## What you will do
Please reproduce the data exactly, excluding any pictures it contains.

(Entries taken from a collection)
• • • • •

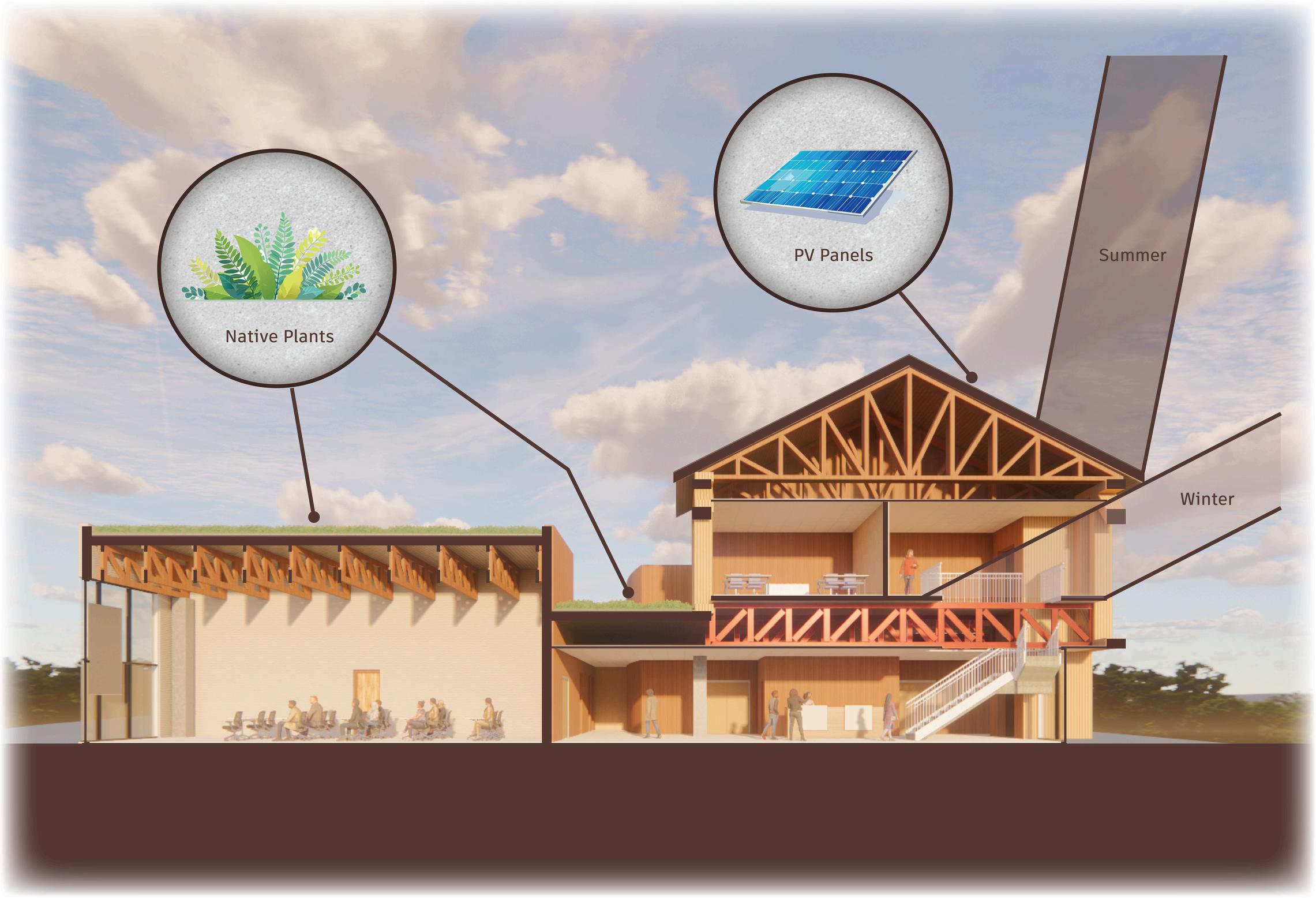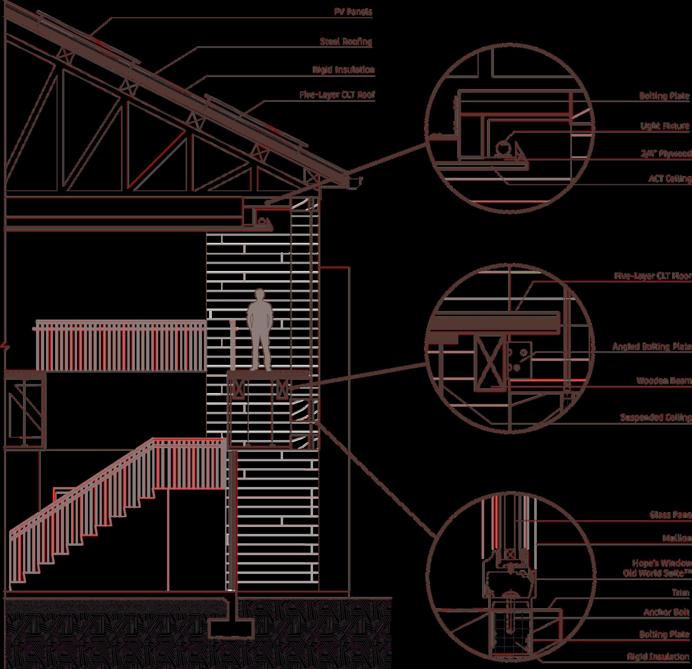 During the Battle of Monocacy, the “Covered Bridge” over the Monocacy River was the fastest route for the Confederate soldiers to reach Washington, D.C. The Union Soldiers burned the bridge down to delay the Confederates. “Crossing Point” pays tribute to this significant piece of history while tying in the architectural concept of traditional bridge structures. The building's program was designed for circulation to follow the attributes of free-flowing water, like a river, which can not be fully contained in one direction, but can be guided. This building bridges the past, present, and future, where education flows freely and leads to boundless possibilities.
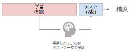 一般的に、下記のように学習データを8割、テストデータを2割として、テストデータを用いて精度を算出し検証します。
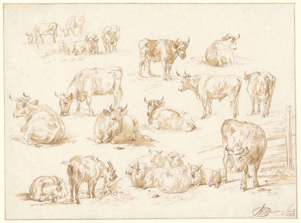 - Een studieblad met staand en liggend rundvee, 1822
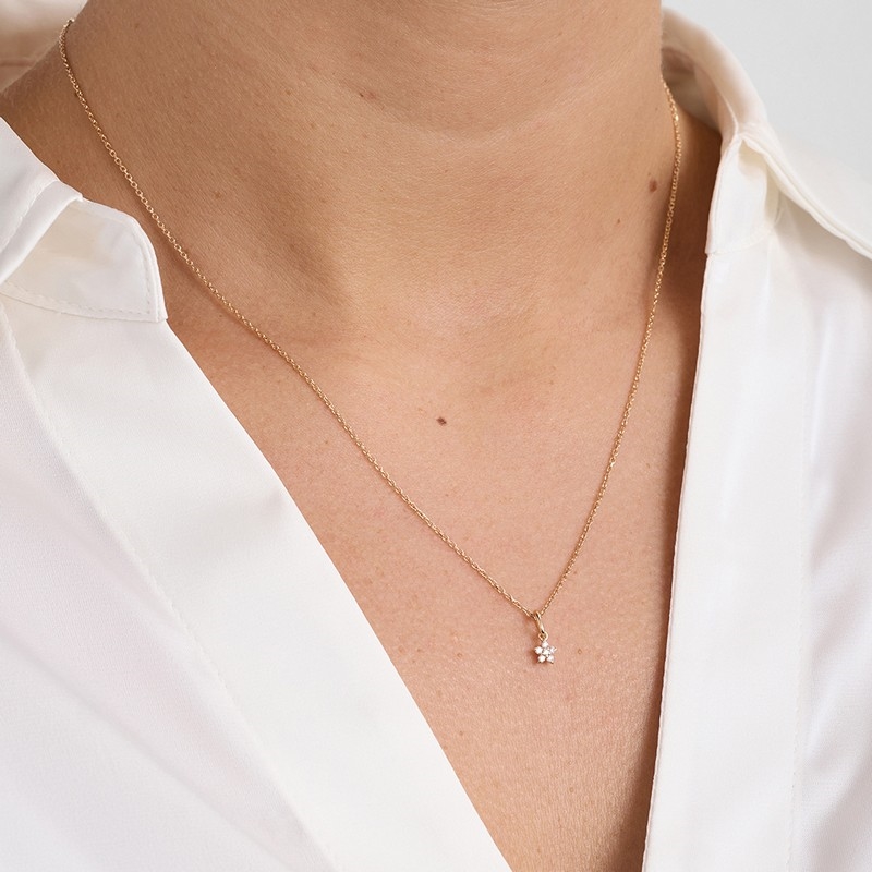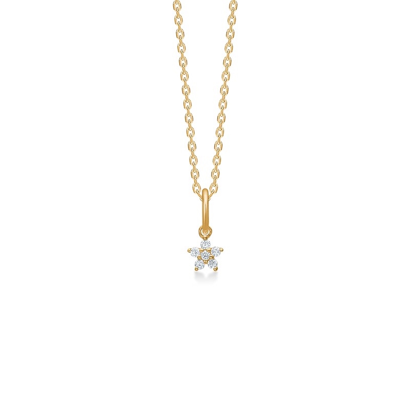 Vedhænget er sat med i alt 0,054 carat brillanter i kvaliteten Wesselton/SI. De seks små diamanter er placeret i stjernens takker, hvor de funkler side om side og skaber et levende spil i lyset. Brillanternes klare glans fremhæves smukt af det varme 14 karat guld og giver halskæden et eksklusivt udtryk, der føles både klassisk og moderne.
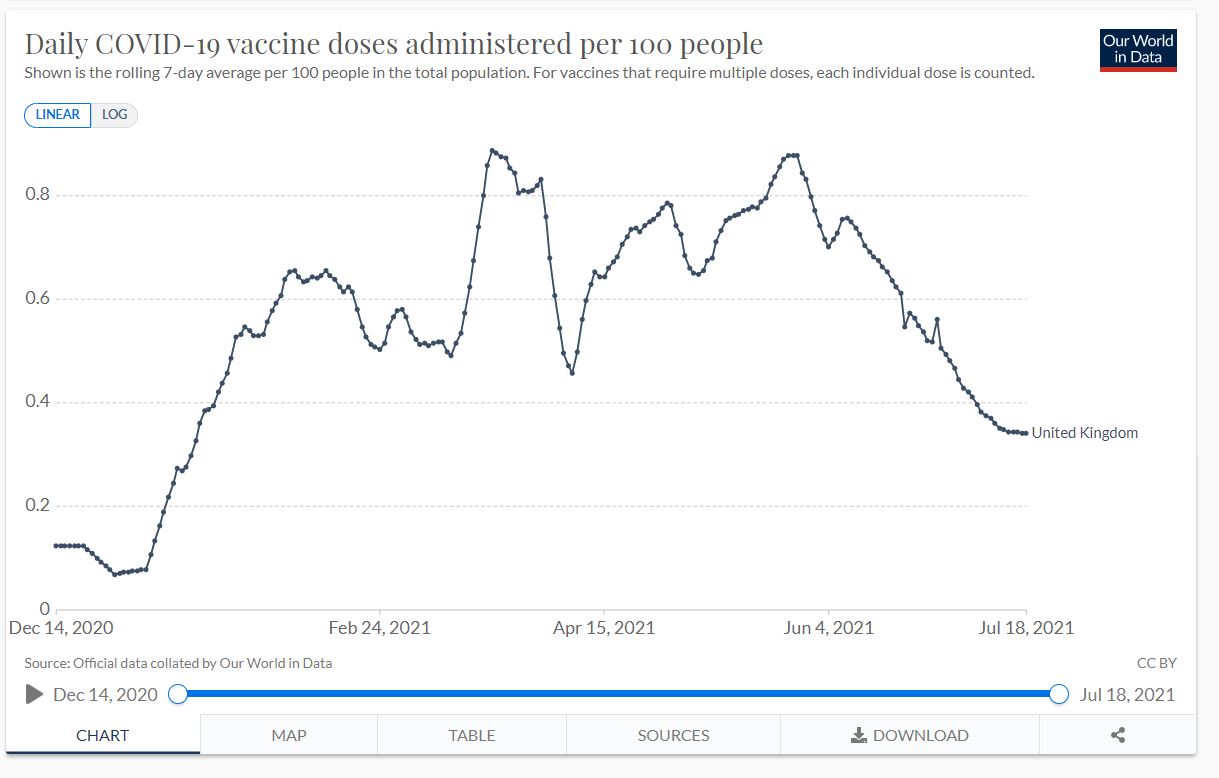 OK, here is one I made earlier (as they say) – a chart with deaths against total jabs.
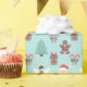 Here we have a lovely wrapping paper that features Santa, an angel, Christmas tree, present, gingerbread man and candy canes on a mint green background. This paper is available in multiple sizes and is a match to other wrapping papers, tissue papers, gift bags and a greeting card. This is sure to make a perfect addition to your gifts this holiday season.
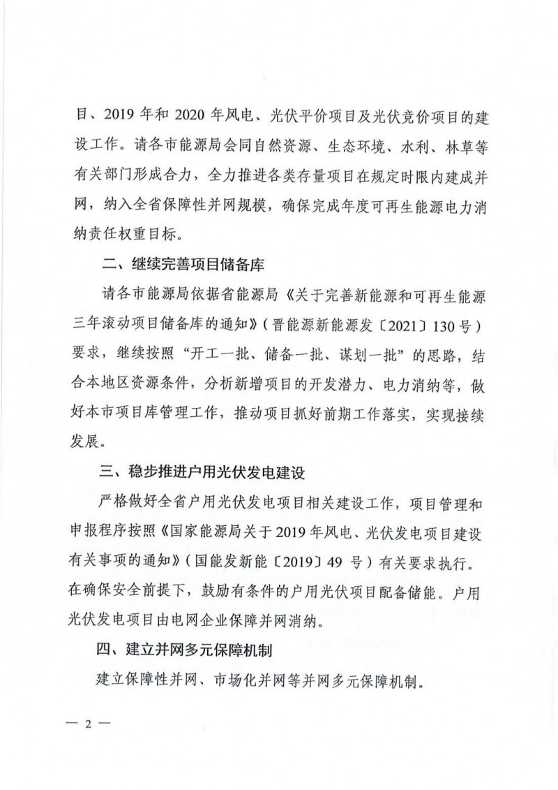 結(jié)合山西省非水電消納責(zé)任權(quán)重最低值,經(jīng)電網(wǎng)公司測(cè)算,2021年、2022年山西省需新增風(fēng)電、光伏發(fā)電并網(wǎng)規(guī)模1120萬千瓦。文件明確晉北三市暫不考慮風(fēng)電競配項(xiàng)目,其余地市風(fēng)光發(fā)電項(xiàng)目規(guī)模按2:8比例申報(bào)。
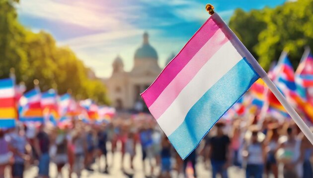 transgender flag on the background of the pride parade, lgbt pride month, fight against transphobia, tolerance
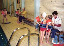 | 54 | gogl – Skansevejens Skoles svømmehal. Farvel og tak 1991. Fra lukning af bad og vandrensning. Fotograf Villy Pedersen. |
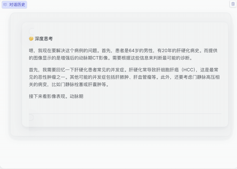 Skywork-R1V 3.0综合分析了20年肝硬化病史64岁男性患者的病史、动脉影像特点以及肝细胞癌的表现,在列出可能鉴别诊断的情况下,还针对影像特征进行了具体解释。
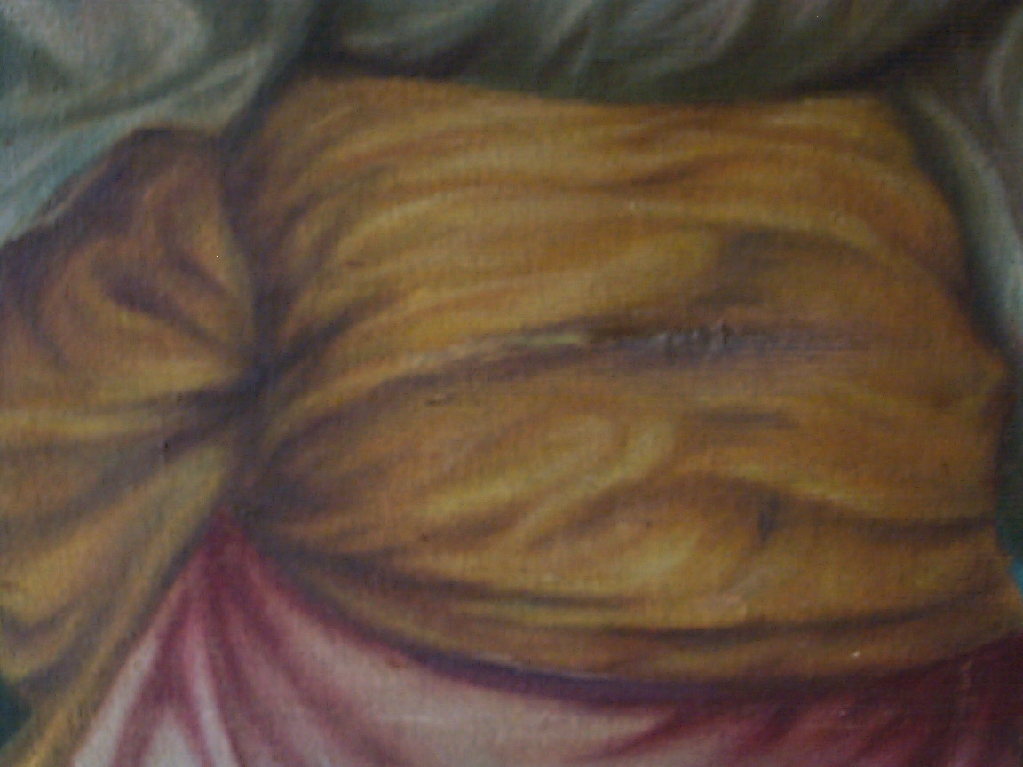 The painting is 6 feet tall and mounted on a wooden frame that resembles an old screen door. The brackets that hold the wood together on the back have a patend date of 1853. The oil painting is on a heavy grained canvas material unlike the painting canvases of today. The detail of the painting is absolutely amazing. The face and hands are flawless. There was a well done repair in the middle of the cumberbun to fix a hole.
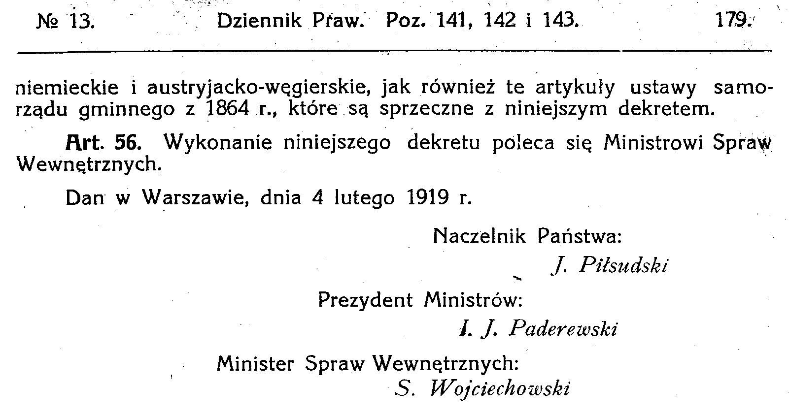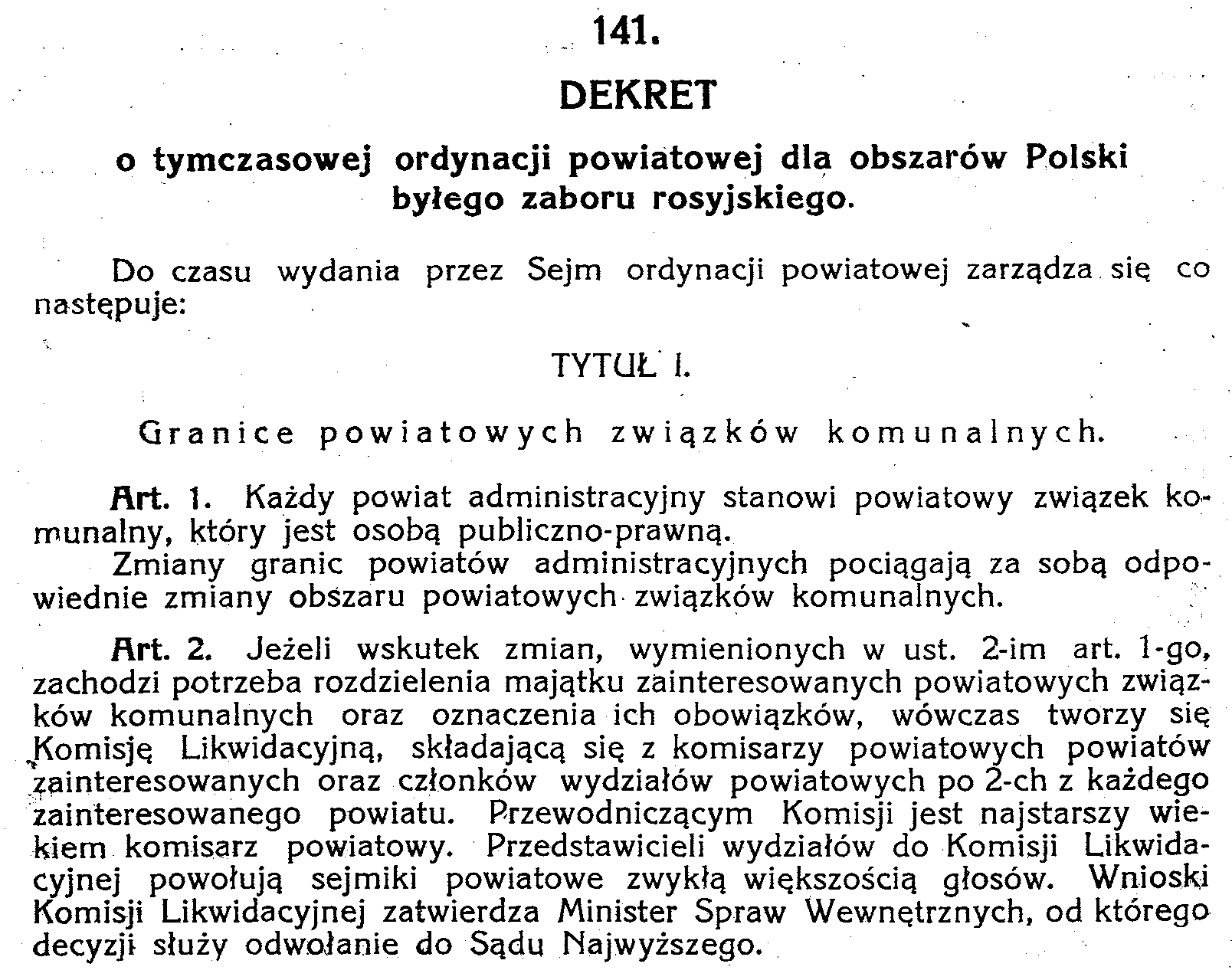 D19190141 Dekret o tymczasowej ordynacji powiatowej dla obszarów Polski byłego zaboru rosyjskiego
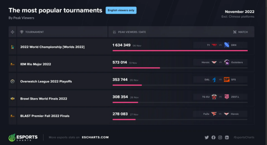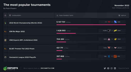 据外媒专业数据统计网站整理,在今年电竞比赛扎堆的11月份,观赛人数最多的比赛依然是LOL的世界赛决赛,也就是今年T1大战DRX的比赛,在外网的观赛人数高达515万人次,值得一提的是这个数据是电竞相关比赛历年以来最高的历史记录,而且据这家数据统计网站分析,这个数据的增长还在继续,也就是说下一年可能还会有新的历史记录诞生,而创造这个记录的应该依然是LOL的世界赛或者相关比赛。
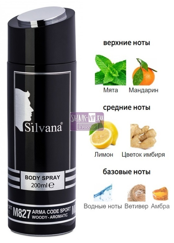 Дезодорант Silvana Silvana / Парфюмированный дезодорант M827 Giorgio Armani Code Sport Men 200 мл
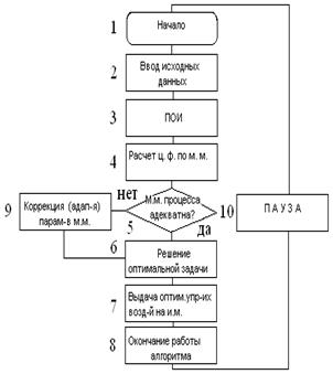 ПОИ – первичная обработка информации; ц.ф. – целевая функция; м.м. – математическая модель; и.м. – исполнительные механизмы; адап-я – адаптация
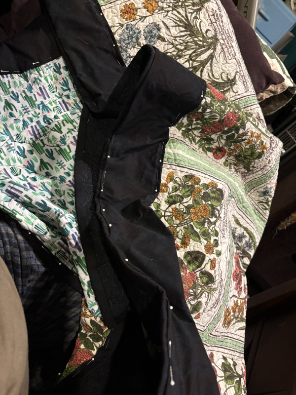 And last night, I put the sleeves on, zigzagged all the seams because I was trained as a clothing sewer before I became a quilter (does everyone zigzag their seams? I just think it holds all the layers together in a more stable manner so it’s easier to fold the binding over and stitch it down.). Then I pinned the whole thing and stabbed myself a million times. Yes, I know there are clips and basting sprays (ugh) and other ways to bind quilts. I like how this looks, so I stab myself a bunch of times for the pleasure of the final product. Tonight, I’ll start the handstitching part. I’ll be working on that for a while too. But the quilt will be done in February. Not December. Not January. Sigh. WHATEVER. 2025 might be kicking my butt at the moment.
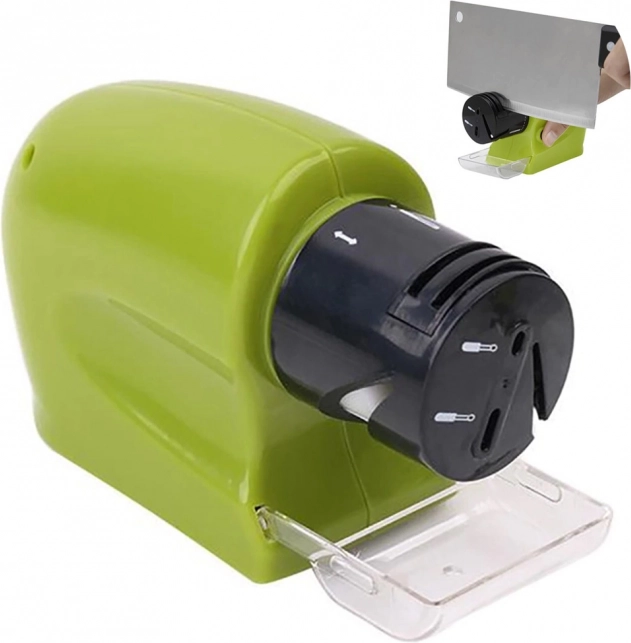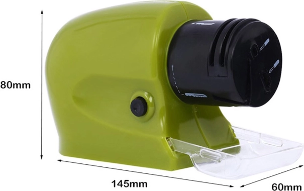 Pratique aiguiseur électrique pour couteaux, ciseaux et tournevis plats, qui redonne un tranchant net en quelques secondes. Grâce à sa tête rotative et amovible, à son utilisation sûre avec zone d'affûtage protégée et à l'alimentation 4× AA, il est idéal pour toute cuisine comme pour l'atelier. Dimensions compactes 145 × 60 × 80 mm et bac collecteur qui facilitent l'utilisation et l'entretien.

• • • • •

## Completed task
 During the Battle of Monocacy, the “Covered Bridge” over the Monocacy River was the fastest route for the Confederate soldiers to reach Washington, D.C. The Union Soldiers burned the bridge down to delay the Confederates. “Crossing Point” pays tribute to this significant piece of history while tying in the architectural concept of traditional bridge structures. The building's program was designed for circulation to follow the attributes of free-flowing water, like a river, which can not be fully contained in one direction, but can be guided. This building bridges the past, present, and future, where education flows freely and leads to boundless possibilities.
 一般的に、下記のように学習データを8割、テストデータを2割として、テストデータを用いて精度を算出し検証します。
 - Een studieblad met staand en liggend rundvee, 1822
 Vedhænget er sat med i alt 0,054 carat brillanter i kvaliteten Wesselton/SI. De seks små diamanter er placeret i stjernens takker, hvor de funkler side om side og skaber et levende spil i lyset. Brillanternes klare glans fremhæves smukt af det varme 14 karat guld og giver halskæden et eksklusivt udtryk, der føles både klassisk og moderne.
 OK, here is one I made earlier (as they say) – a chart with deaths against total jabs.
 Here we have a lovely wrapping paper that features Santa, an angel, Christmas tree, present, gingerbread man and candy canes on a mint green background. This paper is available in multiple sizes and is a match to other wrapping papers, tissue papers, gift bags and a greeting card. This is sure to make a perfect addition to your gifts this holiday season.
 結(jié)合山西省非水電消納責(zé)任權(quán)重最低值,經(jīng)電網(wǎng)公司測(cè)算,2021年、2022年山西省需新增風(fēng)電、光伏發(fā)電并網(wǎng)規(guī)模1120萬千瓦。文件明確晉北三市暫不考慮風(fēng)電競配項(xiàng)目,其余地市風(fēng)光發(fā)電項(xiàng)目規(guī)模按2:8比例申報(bào)。
 transgender flag on the background of the pride parade, lgbt pride month, fight against transphobia, tolerance
 | 54 | gogl – Skansevejens Skoles svømmehal. Farvel og tak 1991. Fra lukning af bad og vandrensning. Fotograf Villy Pedersen. |
 Skywork-R1V 3.0综合分析了20年肝硬化病史64岁男性患者的病史、动脉影像特点以及肝细胞癌的表现,在列出可能鉴别诊断的情况下,还针对影像特征进行了具体解释。
 The painting is 6 feet tall and mounted on a wooden frame that resembles an old screen door. The brackets that hold the wood together on the back have a patend date of 1853. The oil painting is on a heavy grained canvas material unlike the painting canvases of today. The detail of the painting is absolutely amazing. The face and hands are flawless. There was a well done repair in the middle of the cumberbun to fix a hole.
 D19190141 Dekret o tymczasowej ordynacji powiatowej dla obszarów Polski byłego zaboru rosyjskiego
 据外媒专业数据统计网站整理,在今年电竞比赛扎堆的11月份,观赛人数最多的比赛依然是LOL的世界赛决赛,也就是今年T1大战DRX的比赛,在外网的观赛人数高达515万人次,值得一提的是这个数据是电竞相关比赛历年以来最高的历史记录,而且据这家数据统计网站分析,这个数据的增长还在继续,也就是说下一年可能还会有新的历史记录诞生,而创造这个记录的应该依然是LOL的世界赛或者相关比赛。
 Дезодорант Silvana Silvana / Парфюмированный дезодорант M827 Giorgio Armani Code Sport Men 200 мл
 ПОИ – первичная обработка информации; ц.ф. – целевая функция; м.м. – математическая модель; и.м. – исполнительные механизмы; адап-я – адаптация
 And last night, I put the sleeves on, zigzagged all the seams because I was trained as a clothing sewer before I became a quilter (does everyone zigzag their seams? I just think it holds all the layers together in a more stable manner so it’s easier to fold the binding over and stitch it down.). Then I pinned the whole thing and stabbed myself a million times. Yes, I know there are clips and basting sprays (ugh) and other ways to bind quilts. I like how this looks, so I stab myself a bunch of times for the pleasure of the final product. Tonight, I’ll start the handstitching part. I’ll be working on that for a while too. But the quilt will be done in February. Not December. Not January. Sigh. WHATEVER. 2025 might be kicking my butt at the moment.
 Pratique aiguiseur électrique pour couteaux, ciseaux et tournevis plats, qui redonne un tranchant net en quelques secondes. Grâce à sa tête rotative et amovible, à son utilisation sûre avec zone d'affûtage protégée et à l'alimentation 4× AA, il est idéal pour toute cuisine comme pour l'atelier. Dimensions compactes 145 × 60 × 80 mm et bac collecteur qui facilitent l'utilisation et l'entretien.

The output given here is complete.